Striving to live Aloha - Pine Beach, New Jersey

A. We have had some success using a mixture of phosphoric acid (35 mL/L), chromium trioxide (20 g/L) and water to strip Type I (chromic acid), Type II (sulfuric acid) and Type III (sulfuric acid/oxalic acid) anodize coatings from aluminum. The solution is heated to 100 °C and usually takes less than 15 minutes to strip the anodize. Unfortunately, it smuts the base aluminum, to varying degrees, when it has been anodized in Chromic Acid.

Teddy McCracken
- Blacksburg, Virginia, USA

Q. We use the chromic- phosphoric acid solution for anodizing & Alodine coating stripping. But I search throughout and can not find any method to analyze the components of tank solution. Could anybody give any information or help?

hong huming
- xiamen china

Q. I am seeking a way to strip the anodic "Anodized" layer from previously anodized aluminum. I will re-anodize these parts after they are stripped. Any help would be greatly appreciated.

Craig Calhoun
- Houston, Texas

A. Dear Sir,

To etch the anodised layer from the aluminium, you can use a mixture of 50-100 grams phosphoric acid (85%) and 30 grams chromic acid in one liter water. Five to 30 minutes, then thoroughly rinse afterwards. First try a dummy before you put your sample in. Another one: a mixture of 50 - 100 grams phosphoric acid (85%) and 50 grams sodium bichromate in one liter water; Same time. These mixtures don't attack the underlying Al, but the surface may become dull. Watch out for the phosphoric acid.

Martin Saille
- Ghent, Belgium

A. Martin neglected to mention that the chrome/phosphoric mixture should be heated to 175 °F. I have not used the other mixture, so I'm not sure as to the parameters.

Marc Green
Marc Green
anodizer - Boise, Idaho

Pure Lye

on eBay or


(affil links)

A. Craig,

I don't know how helpful this will be but from personal experience, if you're looking for a simple stripper, a caustic soda [affil links] such as Red Devil lye has worked for me. WARNING! Lye will dissolve aluminum so if you're going to give it a try, keep a close watch on the parts as they're stripping. Be sure to COMPLETELY rinse all parts in Distilled or DI water after stripping. Also keep in mind that this will etch the surface of the aluminum and you may need to clean the part (with a weak solution of Nitric acid) prior to anodizing. This is just from personal experience. I can't say weather it will work for you but it has worked for me in the past.

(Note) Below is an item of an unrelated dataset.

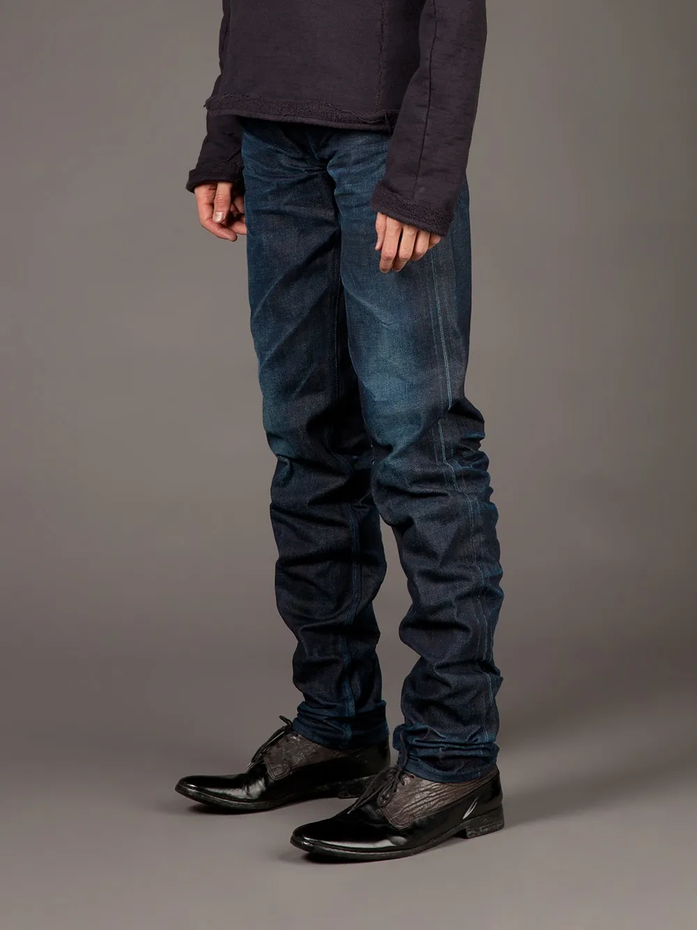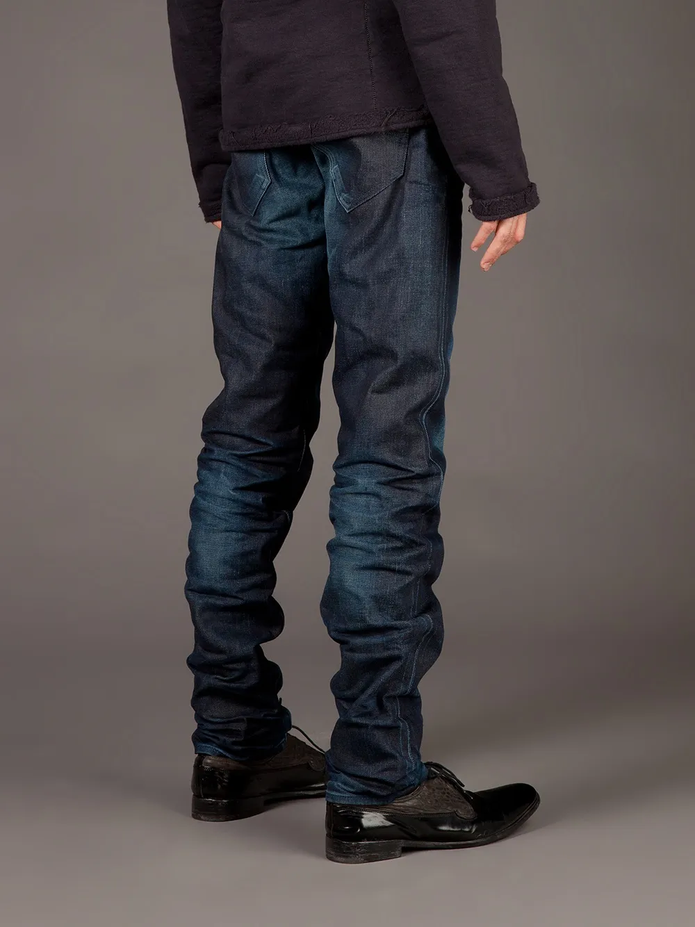 Distressed jeans от Leclaireur. Прямые брючины, потайная застежка спереди, петли для ремня, классическая пятикарманная модель и складки на бедрах. Цвет: синий.

Hope I was of some assistance.

P.S. You may want to test this procedure on scrap before you try it on anything important.

Erik Knifer
- Great Bend, Pennsylvania

A. Use oven cleaner [this product on eBay or Amazon affil links] . It works wonders ... fast!

Jared Beck
- Pearland, Texas
August 21, 2009

How to strip anodizing from automobile trim?



- Hubbard, Ohio

Q. I am restoring a 1963 Chevrolet 2 door hardtop Impala. I have been able to clean and shine all of the chrome and steel, but am unable to clean the anodizing from the aluminum trim. I have buffed some of the trim, also have tried to clean and shine, but it will not come back to a good shine. Does anyone know how to remove the anodizing from the aluminum trim? I would be grateful for any suggestions.

R. Gerald Scales
hobbyist - Bowdon, Georgia

A. Whereas it is somewhat practical to strip copper-nickel-chromium from automobile parts and then polish and replate, it is NOT, repeat not practical to strip the anodizing. The anodic oxide is 1/2 into the metal and 1/2 on top of the metal. When you strip it you lose the polished finish. Now you can re-polish to a shine, and bring down a 10 to 11 step anodize process cycle and re-anodize. I have never heard of a job shop that will take in this kind of work.

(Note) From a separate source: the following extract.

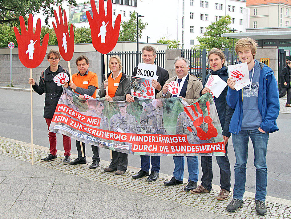 Vertreter mehrerer Hilfsorganisationen haben Bundesverteidigungsministerin Ursula von der Leyen (CDU) aufgefordert, die Rekrutierung und Werbung von Minderjährigen für die Bundeswehr zu stoppen. Zum Abschluss der Kampagne „Unter 18 Nie“ überreichten sie der Ministerin in Berlin mehr als 30 000 Unterschriften. Gerade in den vergangenen Monaten seien Vorfälle bekannt geworden, die zeigten, „dass die Bundeswehr, wie alle anderen Armeen, kein Ort für Minderjährige ist“, sagte Ralf Willinger als Sprecher des „Deutschen Bündnisses Kindersoldaten“, einem Zusammenschluss von zehn Organisationen. Es sei „höchste Zeit, dass die Bundesregierung das Rekrutierungsalter auf 18 Jahre anhebt sowie auf Werbung bei Minderjährigen verzichtet“. Die Kampagne wurde von mehr als zehn Organisationen getragen, darunter die Kindernothilfe, terre des hommes, World Vision, Pax Christi und die Gewerkschaft Erziehung und Wissenschaft. Die meisten von ihnen sind auch im Deutschen Bündnis Kindersoldaten vereint.

To strip the anodic film, dip in 6 oz/gal Sodium Hydroxide for about 3 to 5 minutes,rinse in cold water, then remove the smut in 30% Nitric Acid, rinse in cold water. Good Luck ! Take two aspirin and call me in the morning.

robert probert
Robert H Probert
Robert H Probert Technical Services
supporting advertiser
Garner, North Carolina

A. Hello,

The cheapest and in your case probably the best solution would be to use sodium hydroxide (aka caustic soda) solution. Its fairly inexpensive right now for the raw product (prices tend to dip and spike every few years, right now they are coming down from a 150-200% price spike).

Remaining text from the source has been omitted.